When Detroit’s emergency financial manager, Kevyn Orr, put the city into bankruptcy in July, he cited the pension debt and a related set of interest-rate swaps as contributing to the financial crisis. Detroit listed $18 billion in liabilities in its bankruptcy filing and said it could no longer meet its financial obligations and still provide basic services to the city’s 700,000 residents.

‘Move Forward’

“This deal was bad for the city from its onset despite reassurances it would adequately resolve the city’s pension issues,” Orr said yesterday in a statement. “We have tried without success to negotiate a resolution to this dispute and to allow the city and its taxpayers to move forward and unwind these illegal transactions.”

Before filing the suit, Detroit had given Bank of America Corp. (BAC) and UBS AG (UBSN) until yesterday to say how much they would accept to cancel the swaps connected to the pension debt, a person familiar with the talks said. Those swaps, originally designed to protect against rising interest rates, have cost taxpayers more than $200 million since 2009.

U.S. Bankruptcy Judge Steven Rhodes last month rejected as too costly a proposal to pay $165 million to cancel the swaps and told the city to seek a better price.

Casino Taxes

Without a new deal, the city would consider taking action to have the swaps declared illegal and to prevent the banks from seizing about $4.2 million in casino taxes held in a custodial account, said the person, who asked not to be identified because the talks are private.

Under a draft debt-adjustment plan sent to creditors, Detroit would pay nothing to Bank of America and UBS. While the city said in the plan that it disputes the legitimacy of the swaps, it said it may set aside about $4.2 million a month in a reserve fund in case a court finds them legal. Orr said he may file a plan with the court early this month.

Bill Halldin, a spokesman for Bank of America, declined to comment on the lawsuit. Megan Stinson, a spokeswoman for UBS, didn’t immediately respond to an e-mail seeking comment yesterday after regular business hours.

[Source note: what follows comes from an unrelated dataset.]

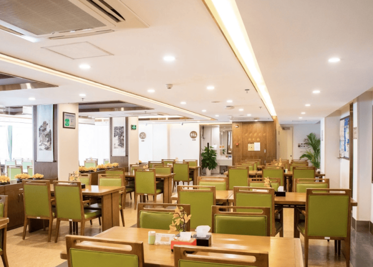 院内公共区域规划兼顾实用与人文关怀,涵盖1200平方米的多元活动空间。品茗茶室、书画交流区、多功能活动厅满足长者休闲社交需求,复刻西关茶楼场景的区域更添广府韵味。顶层空中花园铺设无障碍步道,种植岭南特色植物与道地药材,配备适老化健身器材,成为长者漫步赏景、舒展身心的静谧天地。各楼层均设有活动公区及小型配餐间,兼顾日常交流与取餐便利。
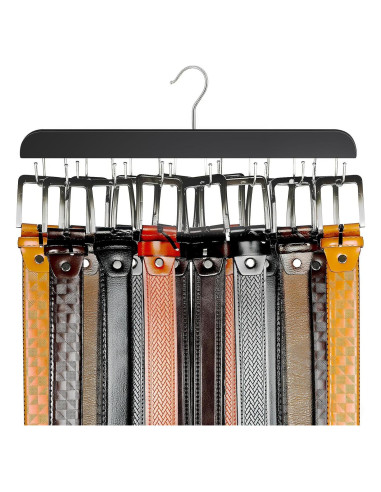 - Utilización del Espacio Optimizada: Cada perchero viene con 14 ganchos, cada uno capaz de sostener 3 cinturones. puedes almacenar ordenadamente hasta 42 cinturones. El innovador diseño rotativo maximiza el espacio del closet, manteniendo tus accesorios organizados, libres de desorden y tu vestuario luciendo ordenado.

The pension debt was issued in 2005 and 2006. The swaps were designed to protect against rising interest rates by requiring the banks to pay the city if rates climbed above a certain level. When rates fell, Detroit was required to make monthly payments.

‘Disastrous’ Consequences

In 2009, the city was forced to directly assume the service corporations’ obligations under the swaps, “with further, disastrous financial consequences,” according to yesterday’s filing.

Days before seeking bankruptcy protection, Detroit agreed to pay $230 million to cancel the swaps contracts, which were signed with Zurich-based UBS and SBS Financial Products Co. Merrill Lynch, a unit of Charlotte, North Carolina-based Bank of America, took over the SBS position in July. After the price was knocked down to $165 in December, it still failed to win court approval.

Creditors led by bond insurer Syncora Guarantee Inc. opposed a settlement. The city didn’t prove it would lose if it sued to cancel the swaps contracts instead of settling with the banks, Syncora said.

The case is City of Detroit v. Detroit General Retirement System Service Corp., 14-04112, U.S. Bankruptcy Court, Eastern District of Michigan (Detroit). The bankruptcy is In re City of Detroit, 13-53846, in the same court.